--- START ---

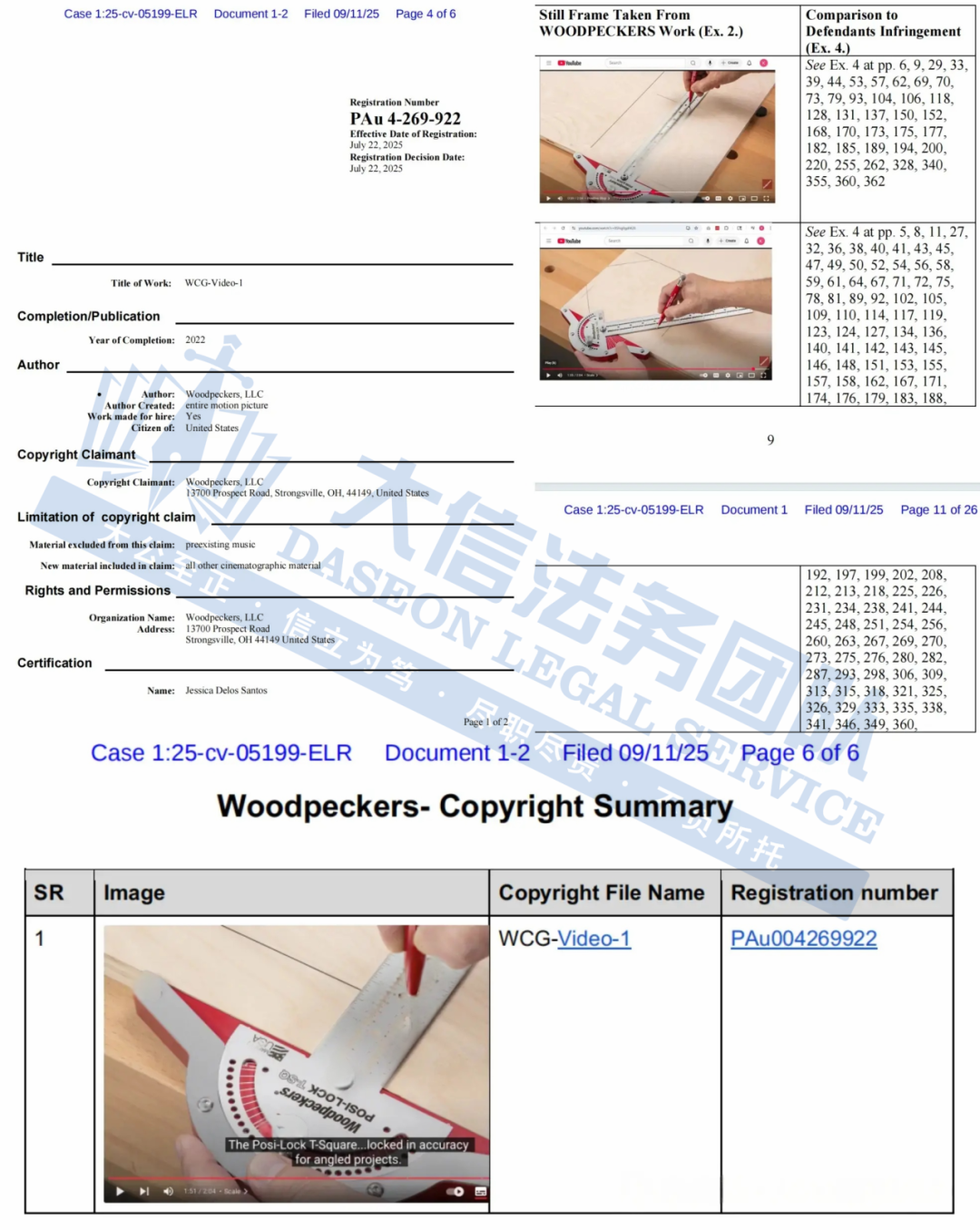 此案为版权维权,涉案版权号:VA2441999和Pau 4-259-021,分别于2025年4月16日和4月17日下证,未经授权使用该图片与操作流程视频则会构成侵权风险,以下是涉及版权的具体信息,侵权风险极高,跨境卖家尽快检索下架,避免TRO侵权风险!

--- END ---
--- START ---

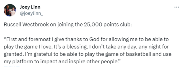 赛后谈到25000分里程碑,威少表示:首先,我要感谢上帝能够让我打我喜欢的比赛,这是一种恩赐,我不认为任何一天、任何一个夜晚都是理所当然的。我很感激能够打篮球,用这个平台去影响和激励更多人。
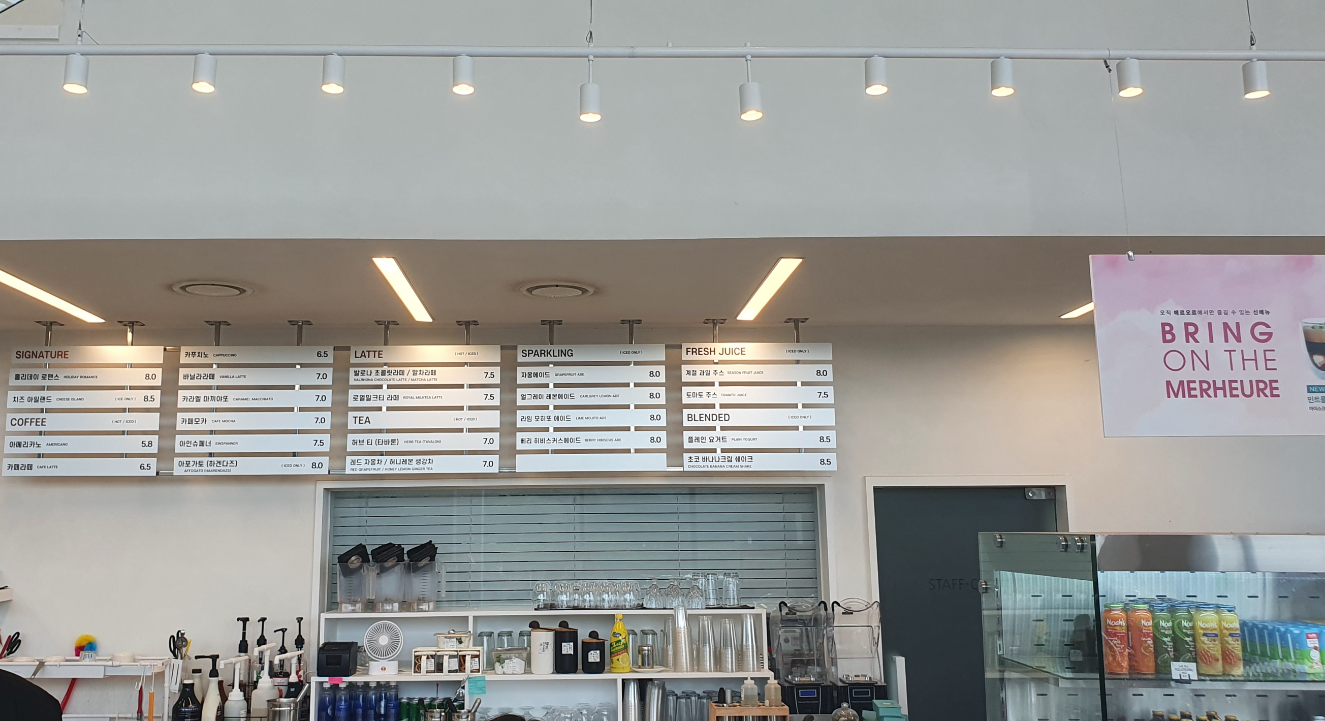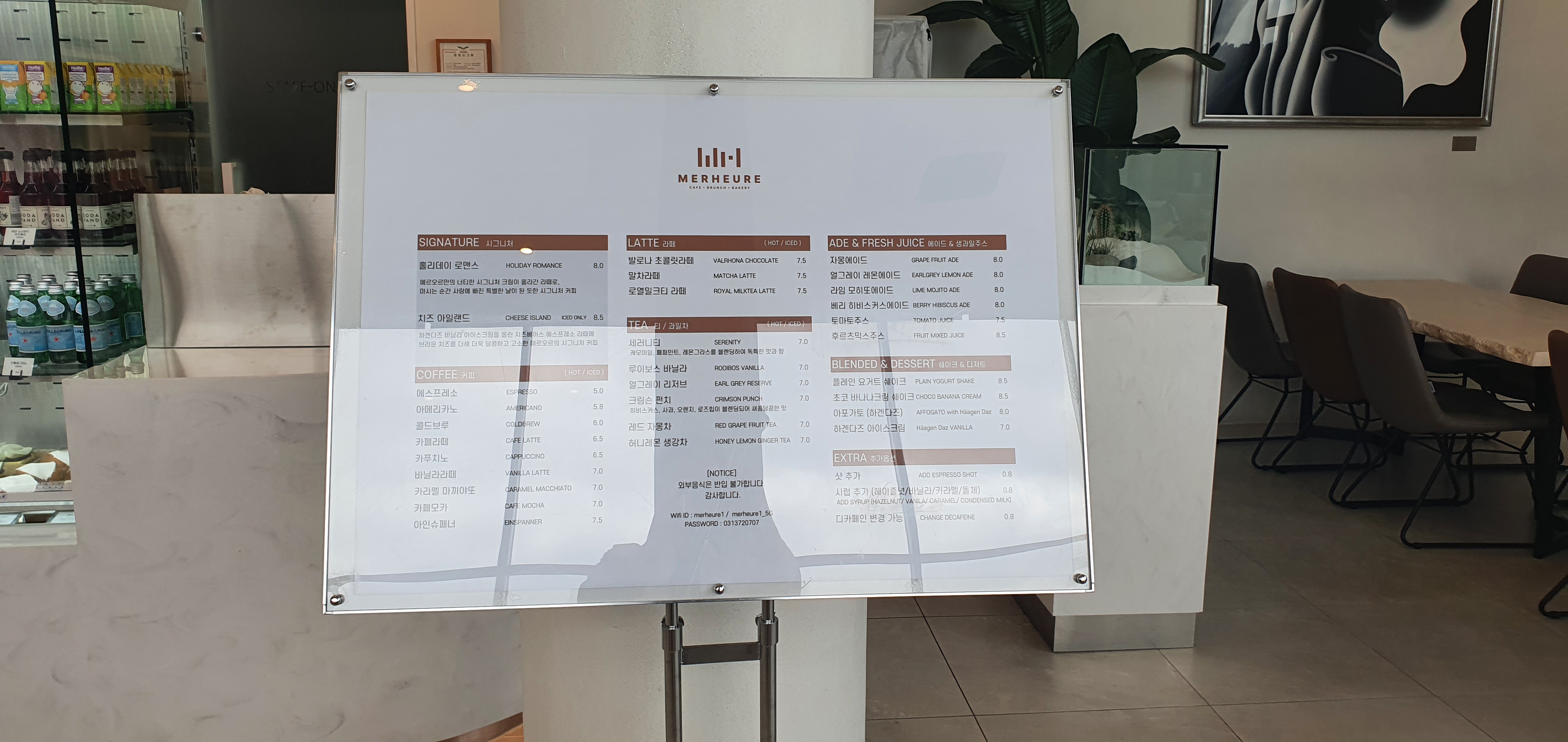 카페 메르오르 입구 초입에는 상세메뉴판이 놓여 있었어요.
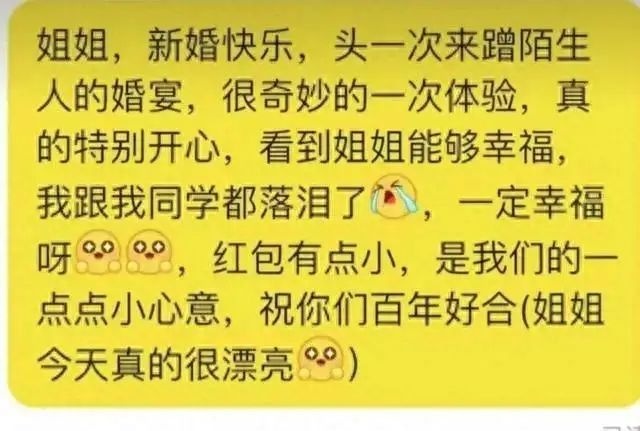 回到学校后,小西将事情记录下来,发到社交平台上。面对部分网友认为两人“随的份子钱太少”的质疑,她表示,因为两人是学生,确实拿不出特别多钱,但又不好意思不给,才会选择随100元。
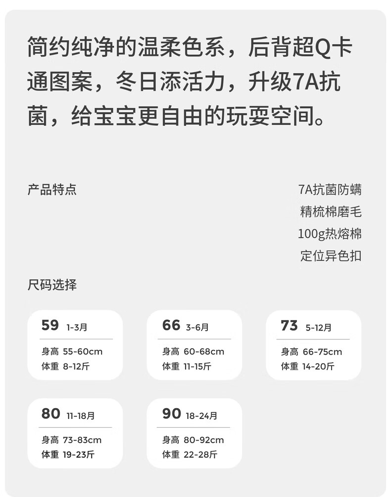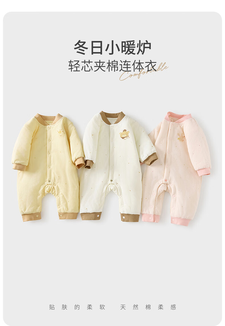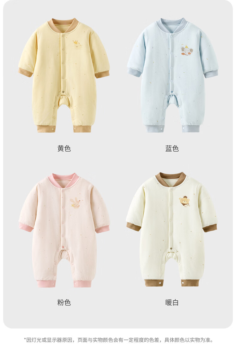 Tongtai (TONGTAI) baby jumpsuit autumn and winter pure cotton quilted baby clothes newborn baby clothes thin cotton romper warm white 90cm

--- END ---

- **EXERCISE PROMPT**: Starting at the line that contains "赛后谈到25000分里程碑,威少表示:首" and ending at the line that contains "回到学校后,小西将事情记录下", transcribe the material above exactly, excluding pictures.

- **TASK RESULT**:
 赛后谈到25000分里程碑,威少表示:首先,我要感谢上帝能够让我打我喜欢的比赛,这是一种恩赐,我不认为任何一天、任何一个夜晚都是理所当然的。我很感激能够打篮球,用这个平台去影响和激励更多人。
 카페 메르오르 입구 초입에는 상세메뉴판이 놓여 있었어요.
 回到学校后,小西将事情记录下来,发到社交平台上。面对部分网友认为两人“随的份子钱太少”的质疑,她表示,因为两人是学生,确实拿不出特别多钱,但又不好意思不给,才会选择随100元。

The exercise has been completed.